··· Information ···
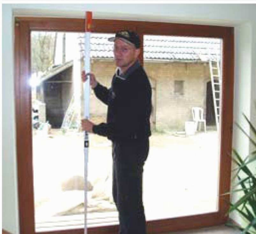
Abb. 1: Aufmass der lichten Breite in der Laibung

← Die Bestellhöhe ergibt sich aus der lichten Höhe abzüglich 30 mm
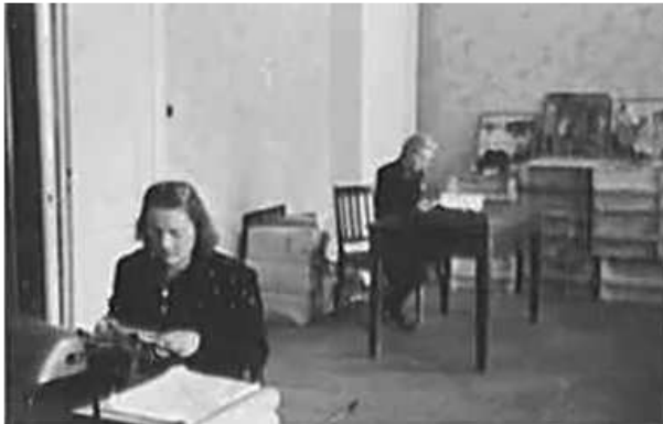
41. Дерпт, співробітниця Штабу за роботою у приміщенні його місцевого підрозділу. Фото ГРГ "Остланд" ([О. Нерлінг]), 20–21 січня 1943 р.

ЦДАВО України, ф. 3676, оп. 1, стр. 139, арк. 54, п. 25.
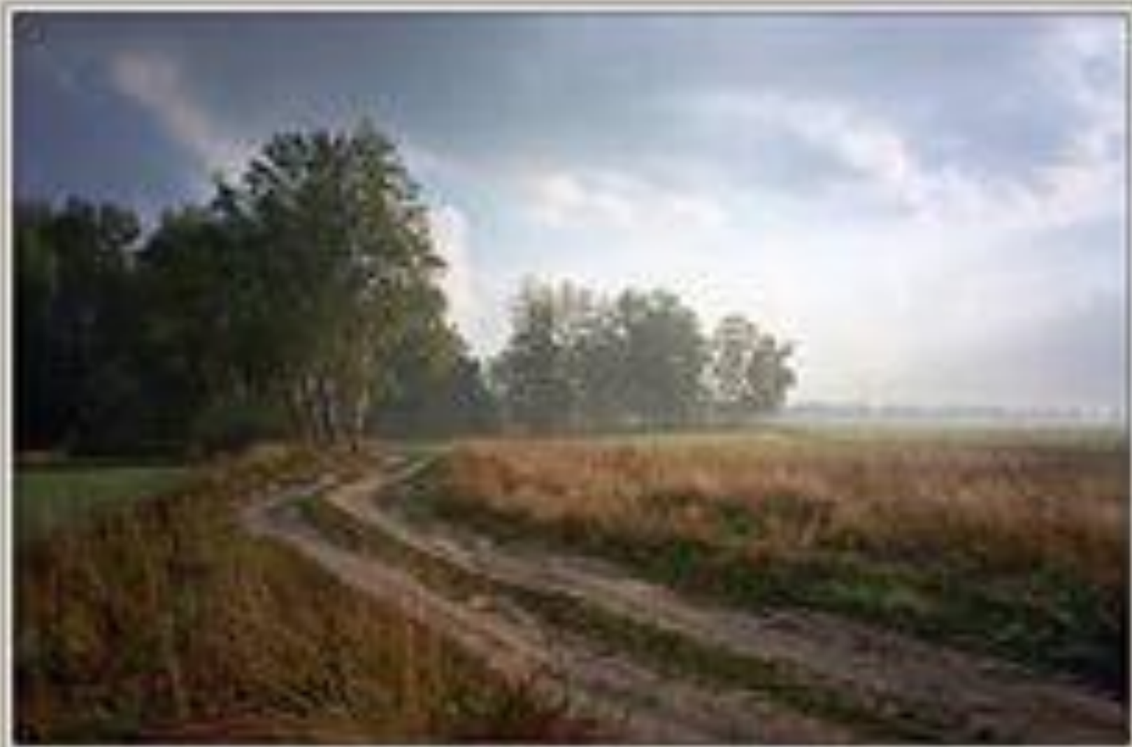
Over the Hill
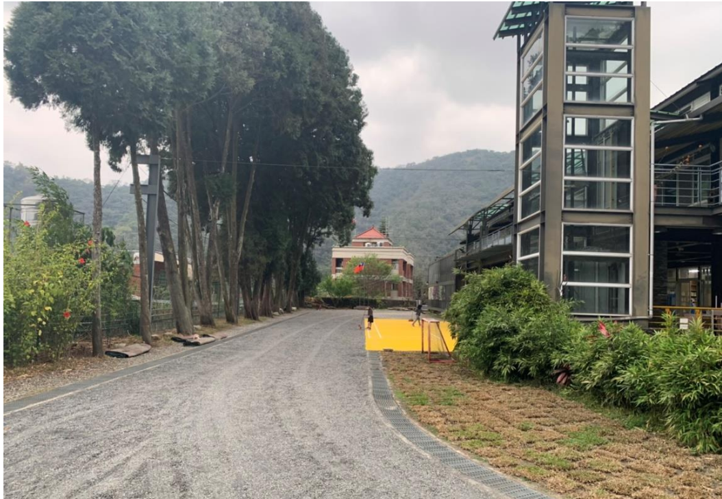
說明：校園另一側為學生活動區，保持場地空曠。
···
> [Exercise objective] Return the entries above in full and unchanged, omitting every image.

> [Exercise answer]
Abb. 1: Aufmass der lichten Breite in der Laibung

← Die Bestellhöhe ergibt sich aus der lichten Höhe abzüglich 30 mm
41. Дерпт, співробітниця Штабу за роботою у приміщенні його місцевого підрозділу. Фото ГРГ "Остланд" ([О. Нерлінг]), 20–21 січня 1943 р.

ЦДАВО України, ф. 3676, оп. 1, стр. 139, арк. 54, п. 25.
Over the Hill
說明：校園另一側為學生活動區，保持場地空曠。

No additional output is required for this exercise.